Oregon Dispensaries Will Have Pot Brownies After All
Thanks to overwhelming response by patients, a plan by the Oregon Health Authority we told you about earlier has been scrapped. The draft rules proposed by the OHA would have banned at Oregon’s newly legal dispensaries any medicated edible product that was “manufactured in a form that resembles cake-like products, cookies, candy, or gum, or that otherwise may be attractive to minors because of its shape, color, or taste.”
Tom Burns, head of the OHA’s dispensary oversight, originally crafted the rules in response to worries about children mistakenly eating medicated edibles. The OHA received over 300 emails from patients and advocates explaining how a ban on, say, medicated brownies, lollipops, and gummis doesn’t make those items disappear; it makes them go underground. They also explained how many patients cannot inhale marijuana through smoking or vaporization and they shouldn’t have to be relegated to bland, tasteless edibles for relief. Others were shocked the OHA would basically incentivize patients toward smoking, which is the least healthful way of ingesting cannabis medicine
Yesterday, the OHA released its final rules, which went into effect immediately. They seem to now understand it is better to regulate production of sweet edibles, so they can control the look and packaging of them, rather than turn every patient’s home kitchen in Oregon into a source for tinfoil, sandwich baggie, and wax paper wrapped edibles on the black market.

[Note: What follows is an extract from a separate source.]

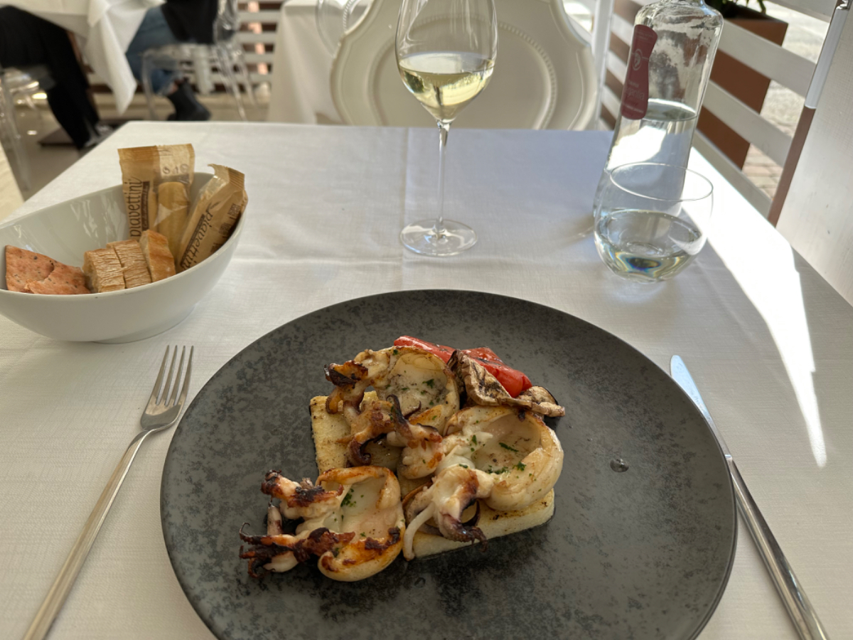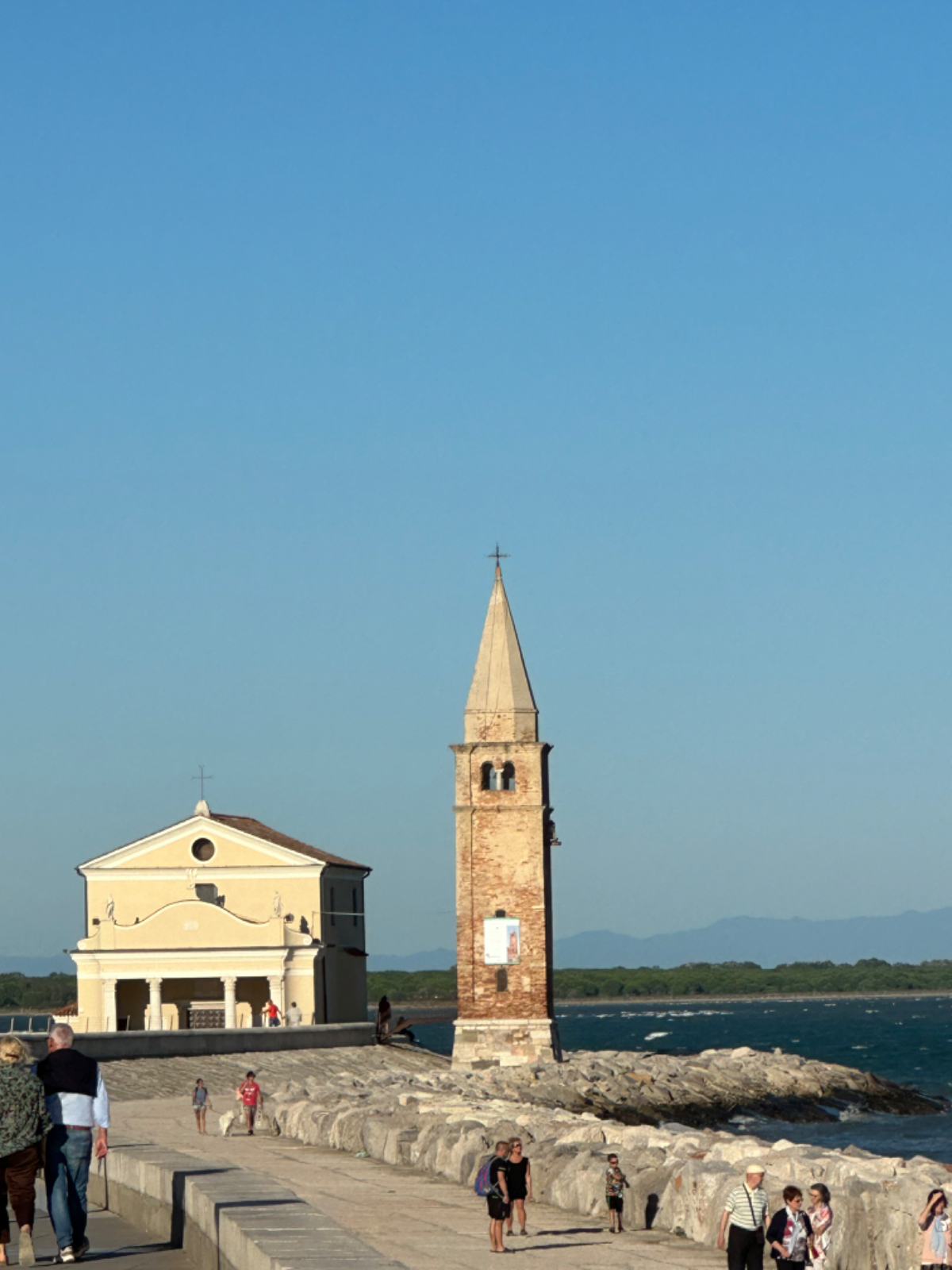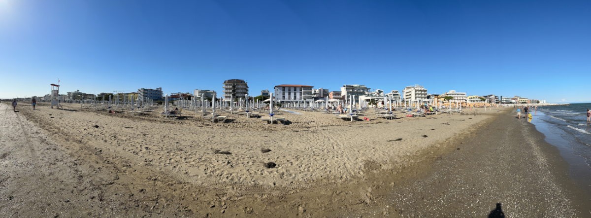 Viel Abwechslung gab es heute nicht, aber alles gut. Um dreizehn Uhr erreiche ich das erste Ortsschild von Caorle, nach über siebzig Kilometer Fahrt. Das Hotel liegt an einer (in der Nachsaison) ruhigen Straße, frühes Einchecken kein Problem. Das Rad kann im Foier unter der Treppe stehen bleiben, die Tür ist in der Nacht verschlossen. Heute lasse ich es mir richtig gut gehen, ich esse in einem angesagten Fischlokal gebackene Thunfischbällchen, danach gegrillte Calamari mit gegrilltem Gemüse, dazu ein Glas Weißwein, astrein! Ich liebe eine gute Pizza, aber nach Wochen Pizza und Pasta tut Abwechslung gut. By the way, ich freue mich schon sehr auf ein Wiener beim Dorfwirt meines Vertrauens, beim Gasthaus Prall :-) (keine bezahlte Webung, zutiefste Überzeugung) Am Nachmittag lasse ich mir am Strand die Sonne auf den gut gefüllten Bauch scheinen, man merkt, die Saison ist in ihren letzten Tagen, der Strand ist fast menschenleer, obwohl es mit 26 Grad noch sehr angenehm warm und sonnig ist. Direkt am Wasser bläst ein starker Wind, das Wasser wäre mir zum Baden bereits zu kalt, es sind auch nur ganz wenige Menschen am oder im Wasser. Ich habe gehört, Caorle hat eine schöne Altstadt, die will ich sehen, also los. Es ist nicht weit dahin, auch hier hält sich der Menschenauflauf in Grenzen, allerdings ist gefühlt jeder zweite Deutscher oder Österreicher. Aber die sehr kleine Altstadt hat Charme, bunte, kleine Häuser, jede Art von Shops und Caorle hat auch einen schiefen Turm, könnte auch eine optische Täuschung sein ;-) Zurück im Hotel beginne ich mit dem Blog, um 19 Uhr musst ich unterbrechen, ich habe Abendessen gebucht, wie gesagt, ich lasse es mir heute gut gehen. Eine zweite Nacht, wie ursprünglich geplant, werde ich dennoch nicht hier bleiben, morgen geht es in Richtung Berge, nach Spilimbergo. Buona Notte :-)

The new rules still bar any products that are “attractive to minors,” but now that definition does not include any references to type or taste of food. What won’t be allowed is any “brightly colored food” or medibles shaped like “an animal or any other commercially recognizable toy or candy.” That seems reasonable – no pot animal cookies or brand rip-offs on, say, a Snickers bar. But what counts as “brightly colored food”? Is a medicated Rice Krispie treat OK, but only if it uses plain Rice Krispies and not those rainbow colored ones? The rules don’t define what “bright colors” are.
The rules also require opaque, child-proof packaging, which cannot be “a container that is brightly colored, depicts cartoons or images other than the logo of the facility, unless the logo of the facility depicts cartoons, in which case only the name of the facility is permitted.” So forget about that great idea of naming your Scooby Snacks with a picture of Scooby & Shaggy… not that Hanna Barbera would have let you, anyway.